Jakiś czas temu zaniepokojony mieszkaniec poinformował nas, że przy stawie za oczyszczalnią ścieków w Wesołej wyrzuca się masowo śmieci. Jest to jeden z wielu przypadków nielegalnego składowania odpadów, procederu nieprzyjaznego dla naszego oka, a przede wszystkim uciążliwego dla środowiska.
Zaalarmowany w tej sprawie magistrat przeprowadził wizję w terenie. Ustalono, że dzikie wysypisko znajduje się na działkach, których właścicielem jest KHW oraz Lasy Państwowe. Zarządca zostanie wezwany do uporządkowania zaśmieconego miejsca.
– Do właścicieli nieruchomości wysłane zostaną stosowne pisma o likwidację “dzikiego wysypiska”. – informuje Anna Górny z Zespołu Prasowego UM Mysłowice
Śmieci są nagminnie wyrzucane w miejscach niedozwolonych, w lasach i na terenach przydrożnych walają się sterty plastikowych butelek, worków i szmat. Miasto każdego roku stara się zorganizować przetarg na likwidację dzikich wysypisk śmieci.

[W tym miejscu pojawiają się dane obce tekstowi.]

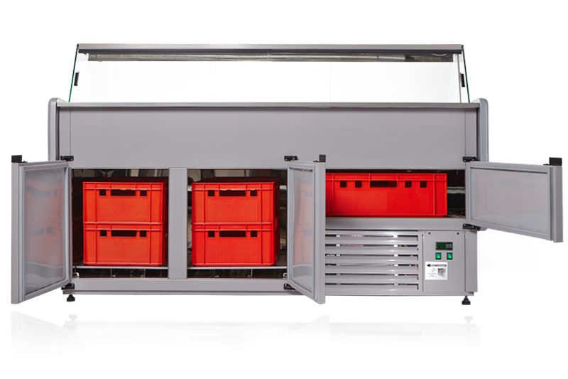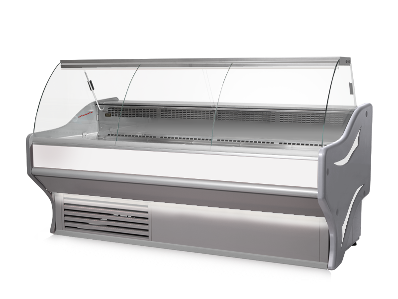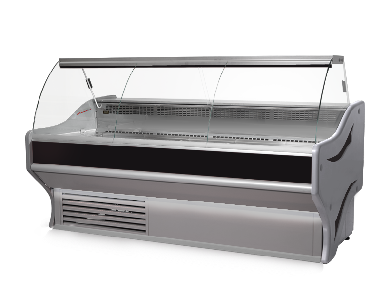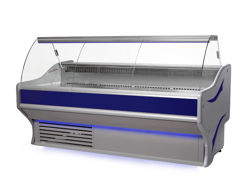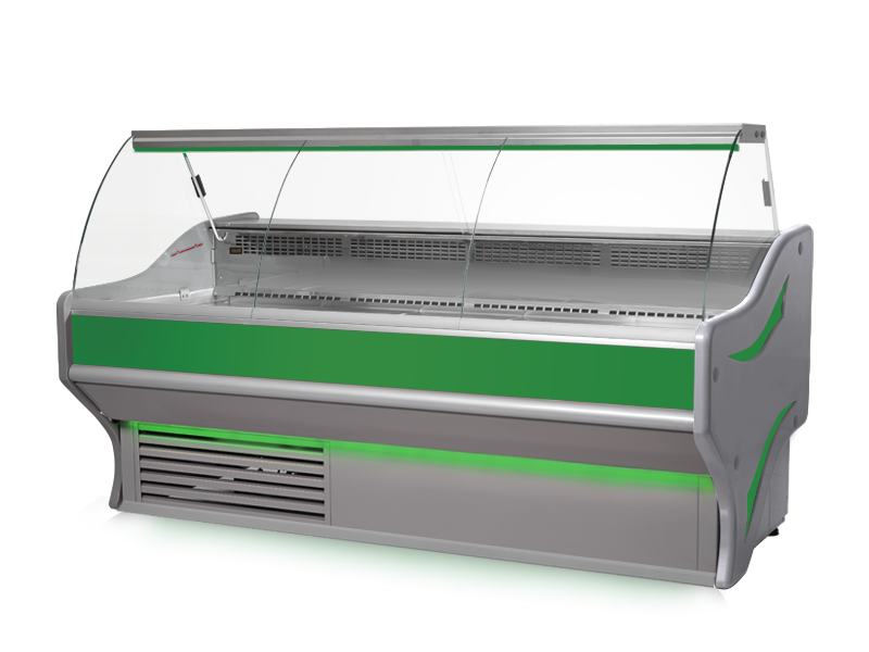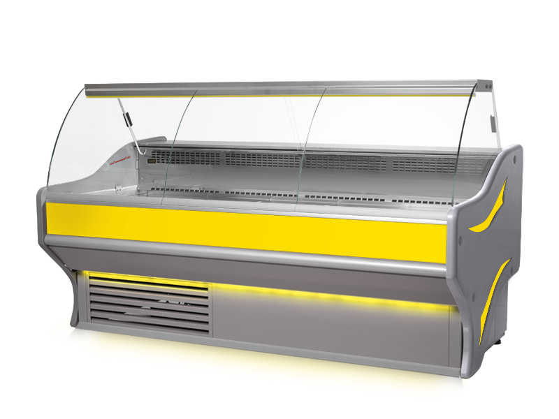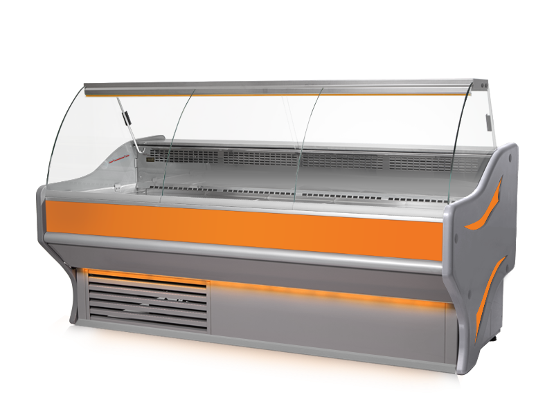 Lada chłodnicza z szybą giętą, ozdobnym i praktycznym nierdzewnym blatem, bokami z PS-HIPS wypełnionymi pianką poliuretanową, osłoną stopek, podświetleniem LED oraz korpusem w kolorze z wzornika RAPA.
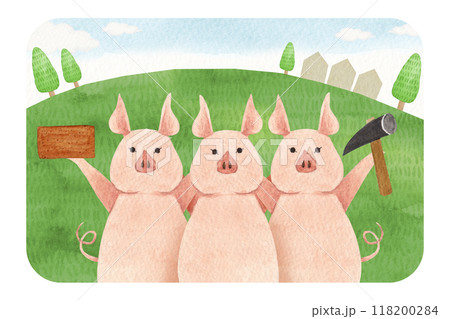 童話 昔話 三びきのこぶた 水彩 イラスト
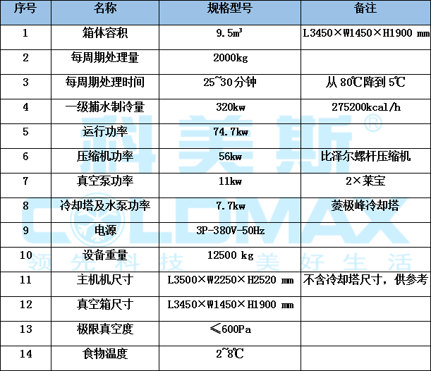 CVF-2000 型號食品快速冷卻機每周期處理食品量為2000kg,處理時間10~20分鐘;

W tym roku Zakład Oczyszczania Miasta Mysłowice oczyścił 20 takich miejsc, min. w Parku Zamkowym, przy Alei Spacerowej, ul. Brzęczkowickiej, Jastruna, Harcerzy Śląskich, w okolicach ul. Prusa czy w obszarze między ulicą Staszica a nieruchomością przy Wielkiej Skotnicy. Ten niechlujny proceder, tylko w tym roku, kosztował podatników ponad 77 tysiące złotych.